Tokyo (awp/afp) - L'année 2018-19 aura été rude pour Nissan, contraint mercredi de sabrer ses estimations de bénéfices au moment où le constructeur d'automobiles japonais tente de reprendre pied après le choc provoqué par l'affaire Ghosn.

Le partenaire du français Renault évalue désormais son bénéfice net à 319 milliards de yens (2,5 milliards d'euros) sur l'exercice achevé fin mars, alors qu'il visait 410 milliards. Il publiera ses résultats définitifs le 14 mai.

Par rapport à l'année 2017/18, la chute est vertigineuse, près de 60%, même si des éléments exceptionnels liés à la réforme fiscale américaine avaient biaisé la base de comparaison en dopant alors ses profits.

Nissan, pionnier de la technologie électrique avec sa citadine Leaf et fabricant des crossovers Rogue, Qashqai et X-Trail, pouvait se targuer de résultats plutôt florissants au cours de la dernière décennie.

Mais il accumule désormais les déconvenues: fragilisé par un scandale d'inspection de ses véhicules au Japon, il avait déjà abaissé ses prévisions en février, et ne semble pas voir le bout du tunnel.

Dans un bref communiqué, il blâme des dépenses supplémentaires aux Etats-Unis, un "environnement économique difficile" et l'impact de l'affaire Ghosn sur les ventes.

Un nouveau numéro 2

Le constructeur est dans la tourmente depuis l'arrestation en novembre de son "sauveur" déchu, Carlos Ghosn, détenu au Japon pour des malversations financières présumées.

Son incarcération, conséquence d'une enquête menée par Nissan depuis de longs mois, a déstabilisé l'alliance formée avec Renault et profondément secoué le groupe nippon, occupé à solder les comptes avec son ancien PDG et à réformer sa gouvernance.

Depuis la prison ou bien durant sa courte période de liberté sous caution, l'intéressé, qui clame son innocence, s'est à plusieurs reprises alarmé du "déclin" de Nissan, de l'absence de "vision" à la tête de l'entreprise qu'il a dirigée pendant près de 20 ans.

De nouveau inculpé lundi, il est actuellement dans l'attente d'une décision du tribunal de Tokyo sur sa requête de libération sous caution.

L'affaire a provoqué le départ de deux proches haut placés du grand patron.

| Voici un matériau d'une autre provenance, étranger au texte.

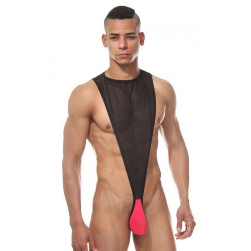 Оригинальное боди для мужчин, в котором скомбинирована верхняя полупрозрачная с контрастным гульфиком.

La direction a par ailleurs été renforcée avec l'annonce mardi soir de la promotion au poste de numéro deux de Yasuhiro Yamauchi, 63 ans, qui passe de "directeur de la compétitivité" (COO) à "directeur des opérations".

Fusion en projet ?

Sur le front opérationnel, le groupe nippon a par ailleurs engagé un virage stratégique par rapport à l'ère Ghosn marquée par une course aux volumes, en particulier aux Etats-Unis, un de ses premiers marchés, pour se concentrer davantage sur l'image de la marque.

Dans cette optique, "il a mis en place une campagne d'extension de garantie" sur certains véhicules, initiative qui coûte cher et explique en partie les mauvaises performances.

Le bénéfice d'exploitation est aussi en berne: il devrait s'établir autour de 318 milliards de yens, contre une précédente prévision de 450 milliards.

Le chiffre d'affaires a mieux résisté: il est attendu à 11.574 milliards de yens (92,6 milliards d'euros), comparé à une prévision de 11.600 milliards, pour 5,5 millions de véhicules écoulés sur la période d'avril 2018 à mars 2019.

Pendant ce temps, le scénario de fusion avec Renault a refait surface cette semaine dans les médias japonais. Selon le quotidien économique Nikkei, citant des sources proches du dossier, Renault a fait à Nissan une nouvelle proposition à l'occasion du premier conseil opérationnel de l'alliance, le 12 avril à Paris.

Cette initiative, si elle est vraie, "va accentuer les tensions" au sein de l'alliance au subtil équilibre, prédit le Nikkei, alors que le constructeur japonais est très attaché à son autonomie.

Ces informations viennent en outre en contradiction avec les propos d'apaisement du président de Renault, Jean-Dominique Senard, le nouveau pilote du partenariat, qui avait écarté l'idée à ce stade d'une fusion.

Si l'affaire Ghosn a aussi rejailli au niveau politique, de ce côté aussi on veut préserver une image d'union qu'illustre le message d'"attachement" à l'alliance Renault-Nissan adressé mardi par le président français Emmanuel Macron et le Premier ministre japonais Shinzo Abe, en visite à Paris.

Renault détient 43% de Nissan qui en retour possède 15% de Renault, mais sans droit de vote, une répartition qui apparaît déséquilibrée aux yeux des Japonais.